Is it possible for the Optional<> returned here to not hold a value?

13746–13751

Ternary operator in S.Diag() would be just as clear, I think.

Also, you should not need to call getDeclName() as the diagnostic engine will automatically do the right thing. As is stands, this won't properly quote the name in the diagnostic.

Please take a look at http://www.open-std.org/jtc1/sc22/wg21/docs/papers/2017/p0588r1.html, which respecifies the rules for lambda capture and its interaction with default arguments, and has been voted into the C++ working paper as a defect report resolution. The approach there is to use a purely syntactic, scope-based mechanism to detect problems such as this. (In dependent contexts, we can track on the DeclRefExpr whether the name is odr-usable, in case we can't tell whether it's odr-used from the template definition alone.)

include/clang/Sema/Sema.h
1062

There are lots of cases where we switch context in the middle of handling an expression, for instance to instantiate a template (or even *parse* a template in MSVC-compatible delayed template parsing mode).

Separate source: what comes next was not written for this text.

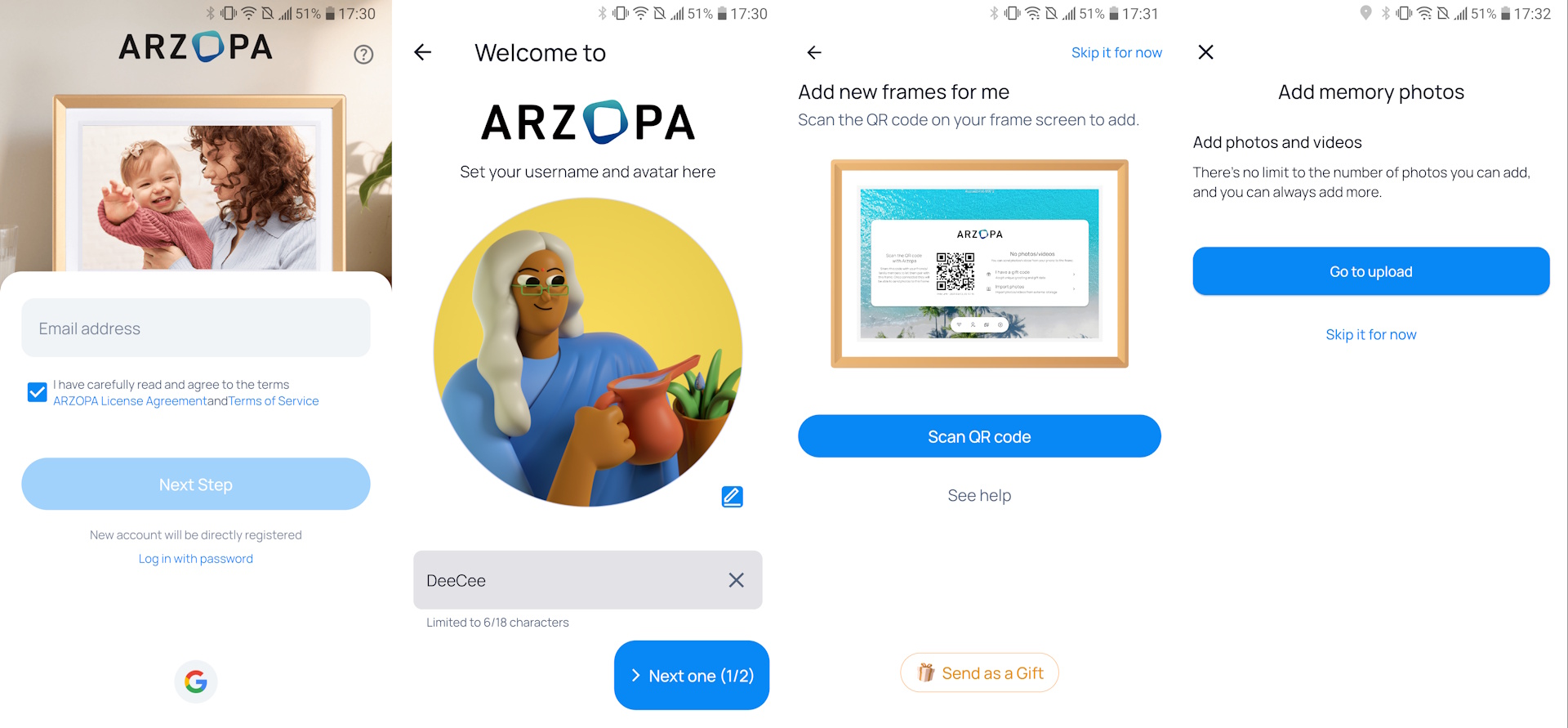 Oprogramowanie jest łatwe w instalacji, a dodanie zdjęcia zajmuje zaledwie kilka sekund. Dostęp do ramki Arzopa można udostępnić znajomym i rodzinie, umożliwiając wszystkim zdalne przesyłanie zdjęć za pośrednictwem aplikacji. Aplikacja pozwala również kupującym wstępnie załadować błogosławieństwo i zdjęcie przed podarowaniem, a właściciele mogą dodawać kody podarunkowe, aby importować dodatkowe zdjęcia z wydarzeń.

It's not reasonable to add a new form of state that all those places will need to save and restore themselves.

Please consider whether this would make sense as a member of the ExpressionEvaluationContextRecord or similar.

lib/Sema/SemaExpr.cpp
4520–4541

Use addInstantiatedParametersToScope for this.

This bugfix looks to be independent of the fix for lambdas; can you factor it out into a separate patch?